Our library in Hewett Centre is open every Sunday after service during Coffee Hour in Hewett Centre, and our Library Team offers related reading lists based on the topic of Sunday service. Here is their list for the upcoming service featuring Rev. Shawn Gauthier, Kiersten Moore and Laureen Stokes, on Sunday, May 4, 2025 at 11 a.m. All are welcome in Hewett Centre after the Sunday service to check out some books and to have coffee and conversation.
VanU library books related to this Sunday’s sermon:
1. Cascadia: The Elusive Utopia, by Douglas Todd, 2008, 204 TOD [From LibraryThing: “This collection explores the unique spirituality and culture of Cascadia, which includes British Columbia, Washington and Oregon. … Cascadia is home to the least institutionally religious people on the continent. Despite this, Cascadia: The Elusive Utopia argues that most of the region’s 14 million residents feel deeply “spiritual.” Many gain their sense of the sacred from the spectacular and imposing land.”].
2. Perfection of the Morning: An Apprenticeship in Nature, by Sharon Butala, 1995, 921 BUT [From LibraryThing: “At once a meditation on the world of nature and a personal and spiritual exploration of the roots of creativity, The Perfection of the Morning is Sharon Butala’s search for a connection with the prairie that encompassed and often overwhelmed her. …”].
3. Norbert Fabian Capek: A Spiritual Journey, by Richard Henry, 1999, 921 CAP [Gift of Harold Brown; published by Skinner House Books. Note that Norbert Čapek initiated the flower communion in Prague on June 4, 1923. From LibraryThing: “… during one of the most turbulent periods in modern history, built a religious movement in his native Czechoslovakia that numbered close to 10,000 people. … Richard Henry draws on Čapek’s diaries, unfinished autobiography and personal items such as sheet music, scrapbooks and photographs. …”].
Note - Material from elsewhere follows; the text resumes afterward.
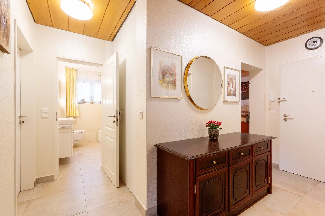 Diese Wohneinheit hat eine Wohnfläche von ca. 80 m², besteht aus drei Zimmern und hat eine ähnliche Aufteilung, wie die Erdgeschoss-Einheit. Auch diese Wohnung verfügt über einen großen Balkon mit praktischer Überdachung. Dadurch wird die Nutzung des Balkons zu jeder Jahreszeit deutlich erweitert. Von hier aus hat man einen herrlichen Blick in den Garten und auf die gepflegte Umgebung. Diese Wohnung ist noch bis Ende Januar 2026 vermietet, somit sind dazu im Exposé keine Fotos zu finden.

4. The Sacred Balance: Rediscovering Our Place in Nature, by David Suzuki, 2007, 304.2 SUZ [From LibraryThing: “… The world is changing at a relentless pace. How can we slow down and act from a place of respect for all living things? … David Suzuki reflects on the increasingly radical changes in science and nature-from the climate crisis to peak oil and the rise in clean energy-and examines what they mean for humankind. He also reflects on what we have learned by listening to Indigenous leaders, whose knowledge of the natural world is profound, and whose peoples are on the frontlines of protecting land and water around the world. Drawing on his own experiences and those of others who have put their beliefs into action, The Sacred Balance combines science, philosophy, spirituality, and Indigenous knowledge to offer concrete suggestions for creating an ecologically sustainable future by rediscovering and addressing humanity’s basic needs.”].
5. Emerson’s Angle of Vision; Man and Nature in American Experience, by Sherman Paul, 1952, 921 EM [Gift of Christine Peirce Douglas in memory of her son Lionel Peirce Douglas].
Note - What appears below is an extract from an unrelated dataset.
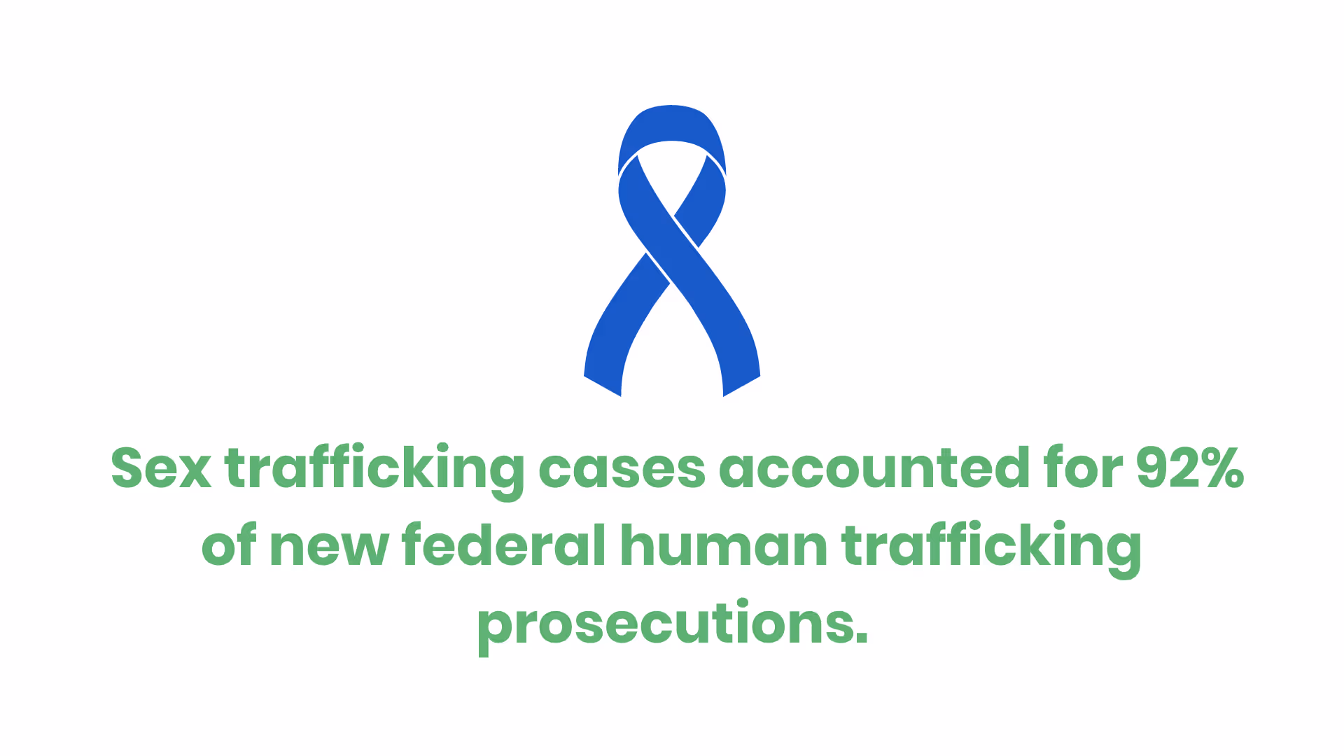 In 2021, sex trafficking cases accounted for 92% of new federal human trafficking prosecutions. There were 129 new criminal sex trafficking cases, 29 of which had adult victims and 73 with only child victims. There were 570 active criminal sex trafficking cases ongoing in the court system as well.

6. Walden, by Henry David Thoreau, 1997, 818.3 THO [From LibraryThing: “In 1845 Henry David Thoreau, one of the principal New England Transcendentalists, left the town for the country. Beside the lake of Walden, he built himself a log cabin and returned to nature, to observe and reflect while surviving on eight dollars a year. From this experience emerged one of the great classics of American literature, a deeply personal reaction against the commercialism and materialism that he saw as the main impulses of mid-19th century America.”].
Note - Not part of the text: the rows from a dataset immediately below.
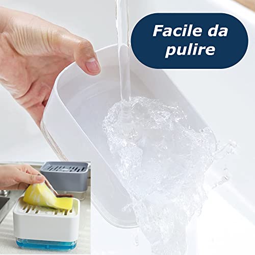 ✔[DESIGN INNOVATIVO]: è possibile dosare il sapone sulla spugna premendola verso il dispenser con una sola mano, facilitando la procedura di lavaggio dei piatti, ottimizzando i tempi ed evitando gli sprechi.
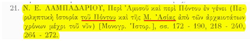 Ν. Ε. ΛΑΜΠΑΔΑΡΙΟΥ, Περί Άμισοΰ καί περί Πόντου έν γένει (Περιληπτική ιστορία τού Πόντου και τής Μικράς ’Ασίας άπο των άρχαιοτάτων χρόνων μέχρι τού νΰν) σσ. 172 - 190, 218 - 240, 264 - 272.
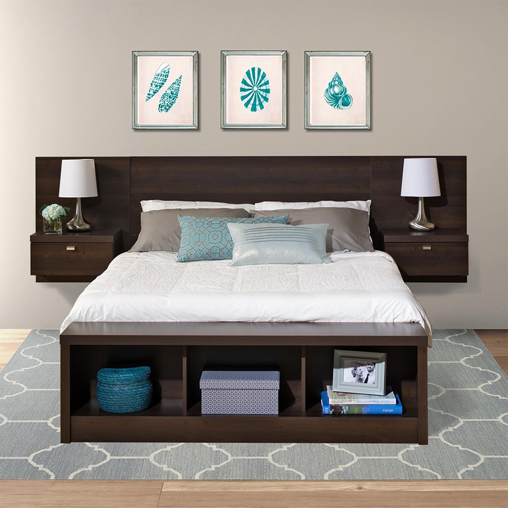 Кровать с подвесными тумбами в изголовье

7. From Beginning to End: The Rituals of Our Lives, by Robert Fulghum, 1995, 128 FUL [From the author in the paperback edition, as stated on LibraryThing: “… Rituals do not always involve words, occasions, officials, or an audience. Rituals are often silent, solitary, and self-contained. The most powerful rites of passage are reflective–when you look back on your life again and again, paying attention to the rivers you have crossed and the gates you have opened and walked on through, the thresholds you have passed over. I see ritual when people sit together silently by an open fire. Remembering. As human beings have remembered for thousands and thousands of years.”].